Oct. 3 (Bloomberg) -- India’s 10-year bonds advanced as financial markets reopened after a public holiday amid optimism a central bank plan to buy sovereign debt will spur demand.
The Reserve Bank of India will offer to purchase 100 billion rupees ($1.6 billion) of securities at an open-market auction on Oct. 7, it said in a Sept. 30 statement. The rupee’s 11.5 percent rebound from a record low of 68.845 per dollar on Aug. 28 is also contributing to gains, according to Development Credit Bank Ltd. The currency advanced 1 percent today.
“The debt-purchase announcement clearly shows the central bank isn’t comfortable with current yield levels,” said Debendra Kumar Dash, a fixed-income trader in Mumbai at Development Credit. “The rupee has strengthened quite a bit of late and that too is aiding sentiment by taming inflationary expectations.”
The yield on the 7.16 percent sovereign bonds due May 2023 fell nine basis points, or 0.09 percentage point, to 8.64 percent in Mumbai today from Oct. 1, according to prices from the central bank’s trading system. That’s the lowest level since Sept. 20.
Government bonds maturing in a decade fell in each of the last four months, the longest run since 2009, as the RBI raised interest rates and curbed funding support to banks to support the rupee. The securities will extend the slump as the RBI lifts borrowing costs to quell inflation and the prospect of U.S. stimulus tapering fuels fund outflows, a Bloomberg survey shows.
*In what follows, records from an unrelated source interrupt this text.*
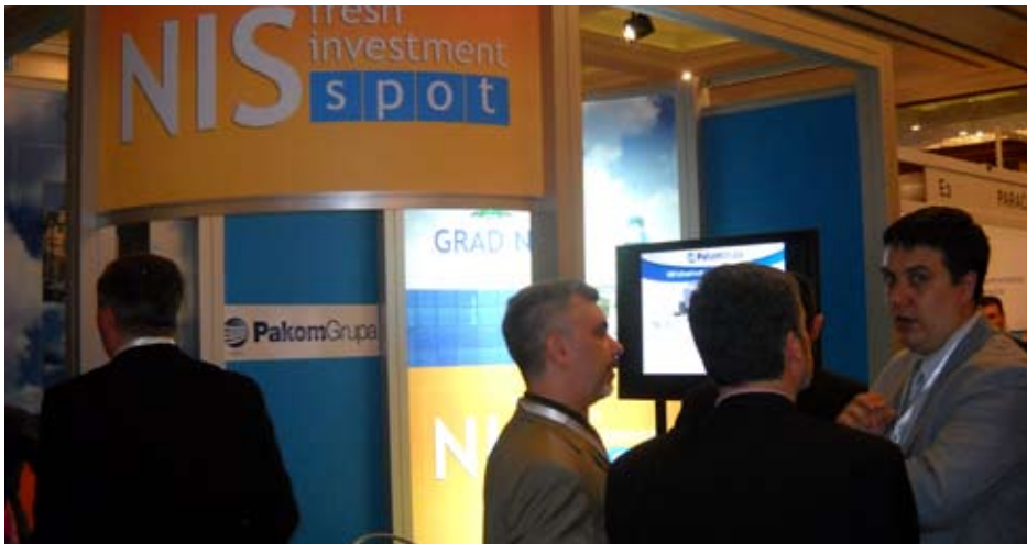
Инвестируйте в Сербию

Город Ниш получил приз за лучшее исполнение на ярмарке, на соревновании местных органов власти в поощрении инвестиций "Инвестируйте в Сербию".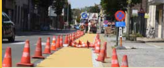
Op naar een verkeersveilig Dendermonde! (p. 2)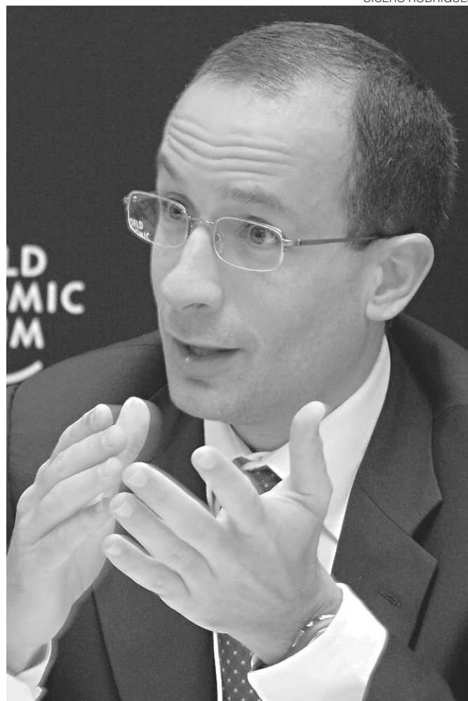
// Marcelo Odebrecht, empresário: 19 anos e quatro meses de prisão

O magistrado lembra ainda que as propinas envolviam não só a Odebrecht, mas também a Braskem, empresa pertencente ao grupo, o que “remete à responsabilidade pelos fatos de executivo com controle não só sobre a primeira, a Construtora Norberto Odebrecht, mas também sobre a segunda, a Braskem, ou seja, ao Presidente da Holding”, aponta o juiz em referência a Marcelo Odebrecht.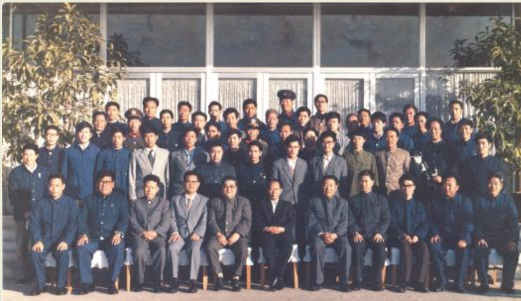
胡耀邦与陪同的省市领导及服务人员合影(前二排右起第二人为笔者)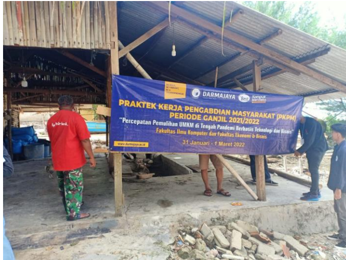
Gambar 2.2 Pemasangan Banner lokasi di UMKM

Pemasangan Banner merupakan hal wajib dalam melakukan PKPM karena menunjukkan identitas Mahasiswa dalam pelaksanaan kegiatan di tempat UMKM tersebut.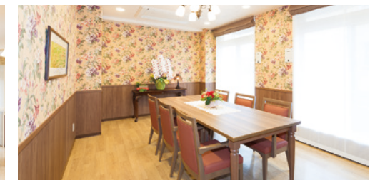
ファミリーダイニング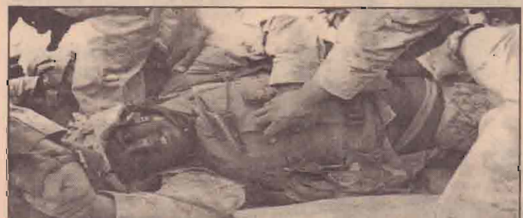
பாலூஜாவில் நடைபெற்ற சண்டையில் காயங்களுக்குள்ளான அமெரிக்கப் படையினருக்கு முதலுதவி அளிக்கப்படுகிறது.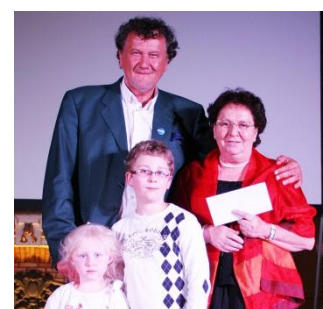
Les présidents de Val d'Oise et Guyane avec les enfants qui ont effectué le tirage

La souscription nationale a obtenu un grand succès : 11 985 billets ont été vendus. Ainsi, près de 12 000 euros ont été récoltés pour les Régionales participantes et autant pour l'Association nationale moins les frais et les gros lots. Les billets gagnants ont été tirés vendredi 10 mai lors du gala de l'Assemblée générale organisé à l'Hôtel de ville de Tours. Les deux premiers gros lots, soit 2 x 2 billets d'avion aller-retour le Québec, ont été remportés dans le Val d'Oise et en Guyane. Celui de la souscription régionale a, quant à, lui été remporté en Touraine.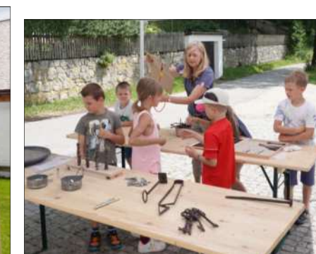
Wie arbeitete der Schmied? Was wurde hergestellt? Welche Personen waren von besonderer Bedeutung? (siehe Titelseite!) Wissenswertes und spielerische Stationen warteten auf die interessierten Kinder.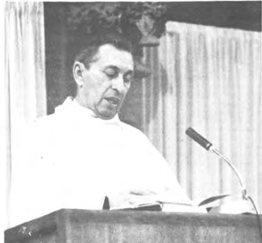
Het is wellicht een akademisch vraagstuk. Maar zou het taalkundig eigenlijk niet verantwoord zijn om dit heerschap Stoepmans ipy Daelemans te noemen? Of wat dacht u van Drepelmans? Het leven is toch een yreemde bezigheid, nietwaar?

Global investors net sold bonds worth $109 million on Oct. 1, exchange data show. They have pulled almost $12 billion from Indian debt since mid-May when Federal Reserve Chairman Ben S. Bernanke first signaled the U.S. central bank may pare its $85 billion monthly bond-buying program that boosted demand for emerging-market assets.
The RBI announced the bond-purchase plan after saying Sept. 25 that it will take steps as required to ensure adequate cash supply in the financial system. The central bank is injecting about 1.5 trillion rupees into markets each day via money-market operations and export-credit refinance, it said in a statement.
One-year interest-rate swaps, derivative contracts used to guard against fluctuations in funding costs, slid five basis points to 8.69 percent, according to data compiled by Bloomberg.